I have a few large datasets (~3.6 million rows each) which I am looking to subset based upon a few conditions.

The data has 3 columns we are interested in: X (numeric, a stationary time series), Activity (logical), and SignalStrength (numeric, between 0-100).

The column X occasionally contains NA values, the other two do not though.

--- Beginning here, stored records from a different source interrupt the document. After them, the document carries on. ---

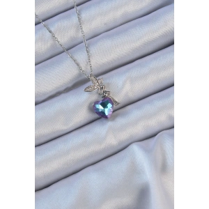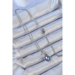 316L Çelik Zincir Gümüş Renk Mor Mavi Renk Zirkon Taşlı Kalp Detay Peri Kolye
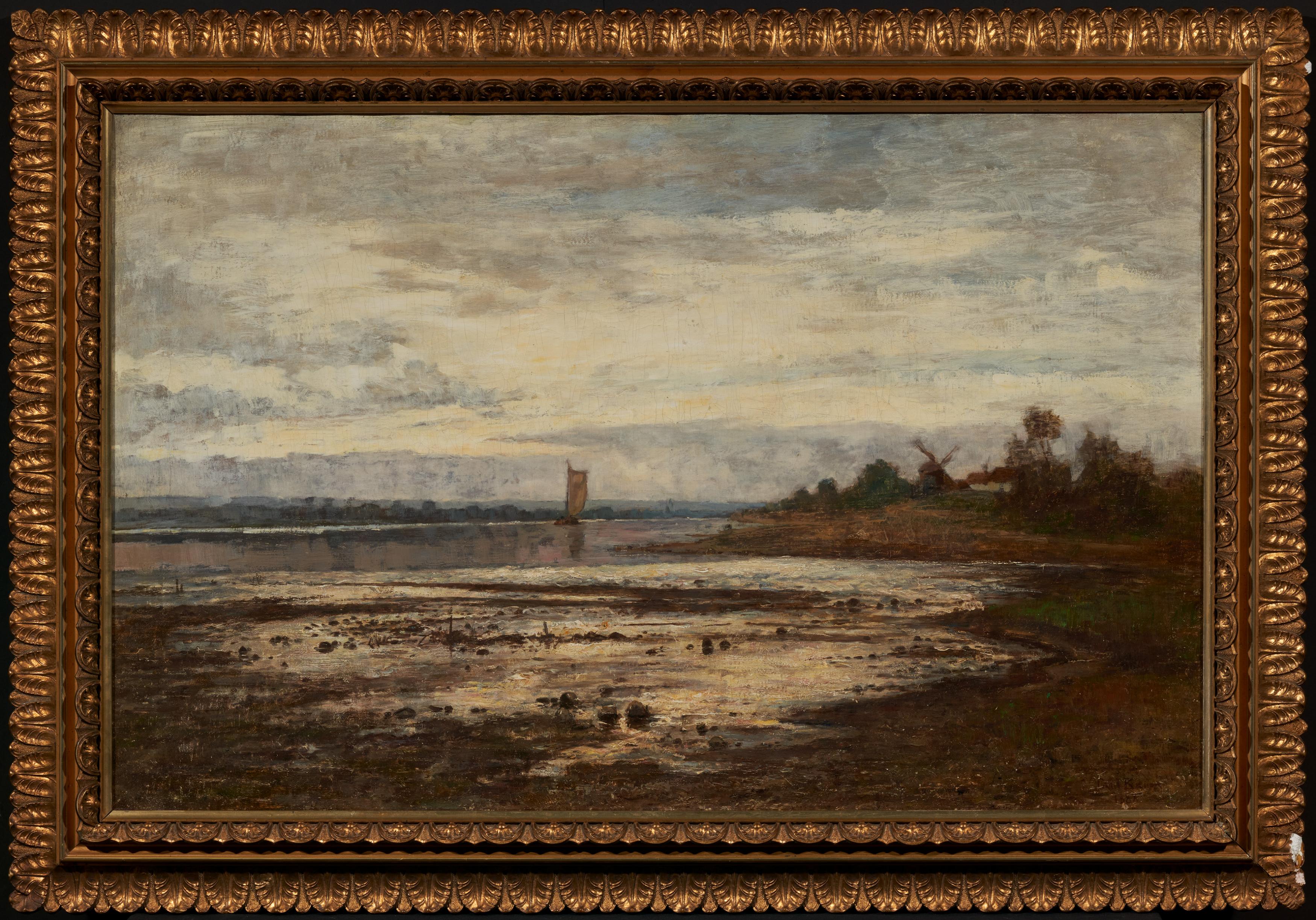 Titel: Flusslandschaft mit Boot und Windmühle.
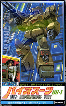 Front and back box art for the Real Microman Bio Mechanics Suit 01. This particular one is greenish brown in color. As you can guess, this is a large departure from the original Microman, and even from the Transformer-like post-80's Microman pieces. This is pretty much a Mecha, and a nice one at that.One thing you can't tell from the box art is that this is a snap-together model kit! Even the figure, shown at bottom left on the front of the box, is a snap-together guy! This kit was meant to be put together and painted.
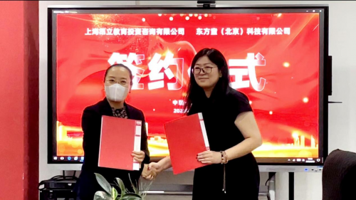 東方童(北京)科技有限公司文化傳媒事業部總經理尹健穎、上海昂立教育投資咨詢有限公司研學項目負責人金玫伶舉行簽約儀式
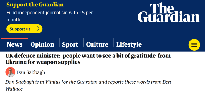 In response to this, the British Secretary of State for Defence suggested Ukraine needed to put more emphasis on saying “thank you” for western help.
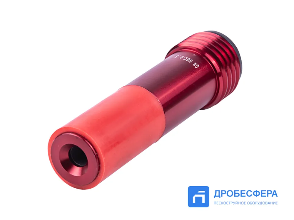 Изготовление из карбида бора и алюминиевая внешняя оболочка обеспечивают соплу возможность многочасовой непрерывной работы пескоструя. Алюминиевое покрытие защищает сопло от внешнего воздействия. Заблаговременное приобретение сопел Вентури UBC-9,5 в достаточном количестве исключает простой при необходимости абразивоструйной обработки.
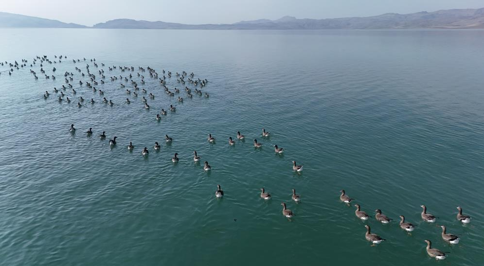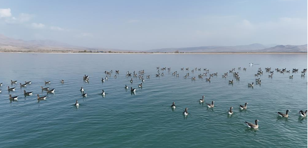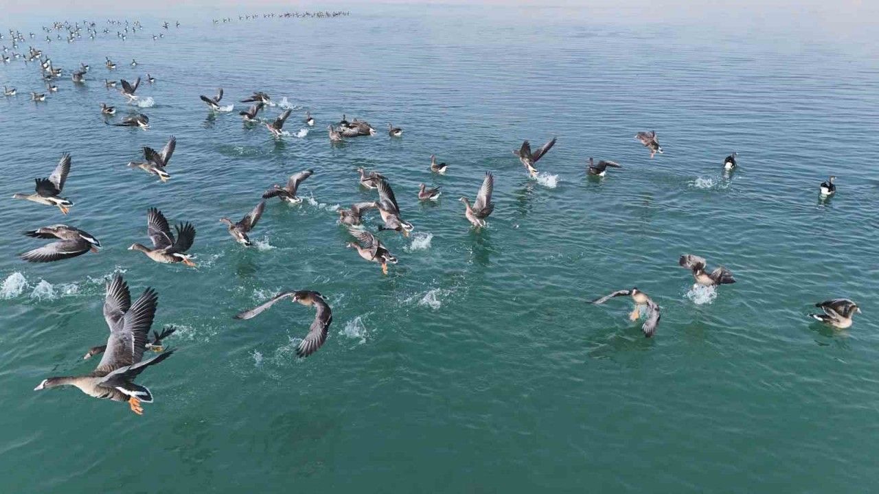 Türkiye’nin önemli sulak alanlarından ve kuş cennetlerinden biri olan Erçek Gölü’nün yeni misafirleri küçük sakarcalar havadan görüntülendi.
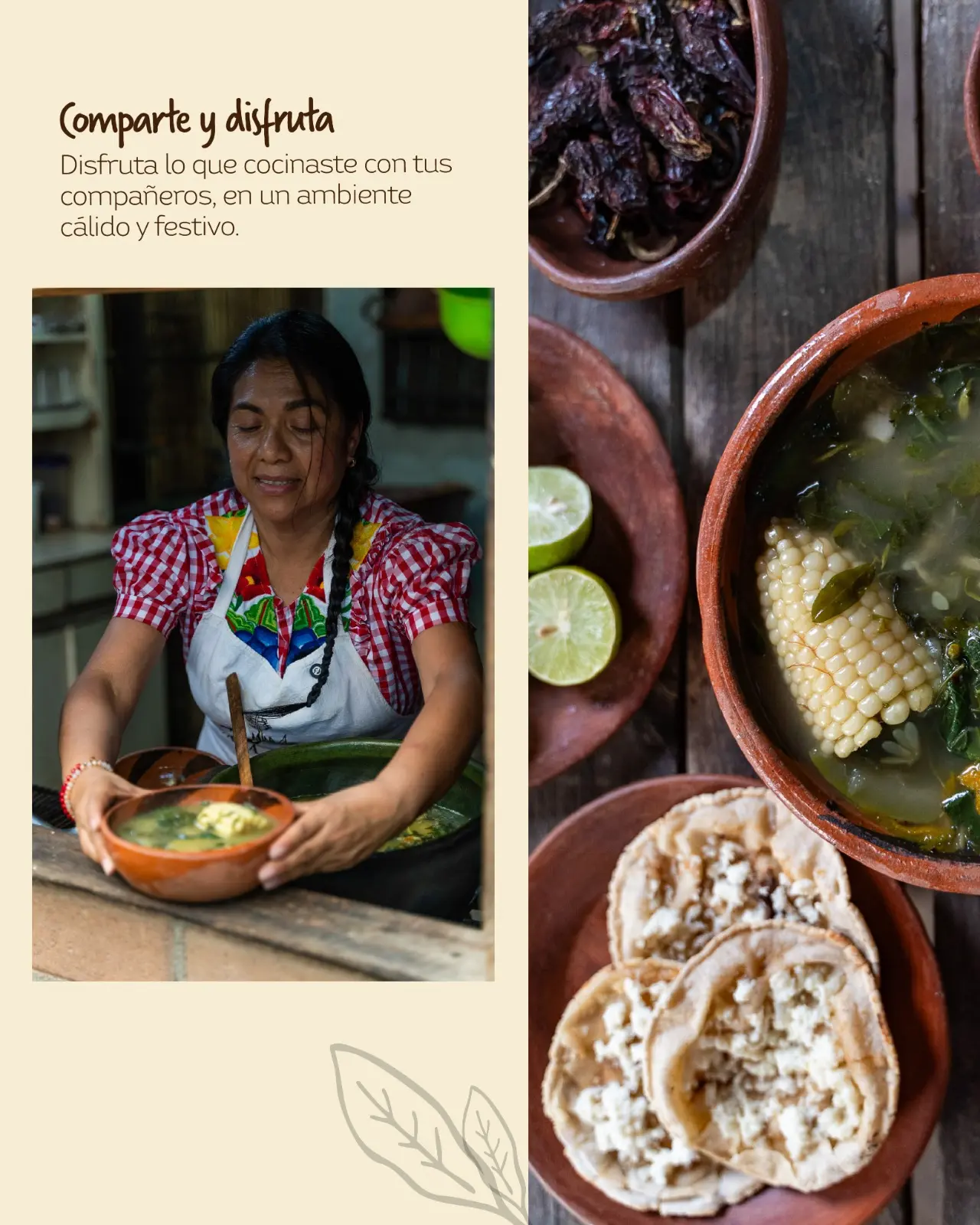 Vive una auténtica experiencia culinaria oaxaqueña llena de sabores, aromas y tradición con expertos en gastronomía local. Durante estas clases de cocina, aprenderás a preparar una comida completa con los platillos que representan orgullosamente al estado de Oaxaca.

I was looking for ways to find all sub-series within X that are of a specific length (in my case 600,000 rows) that do not contain NA values.

I looked into na.contiguous however, this only gives me the longest of such series, not all of the series. The other method I had been thinking about was to have some form of "rolling window" approach?

The reason I want to extract multiple series is that I will be comparing each of these series to find the ones which have the lowest number of TRUE values for 'Activity' and the highest average 'SignalStrength'.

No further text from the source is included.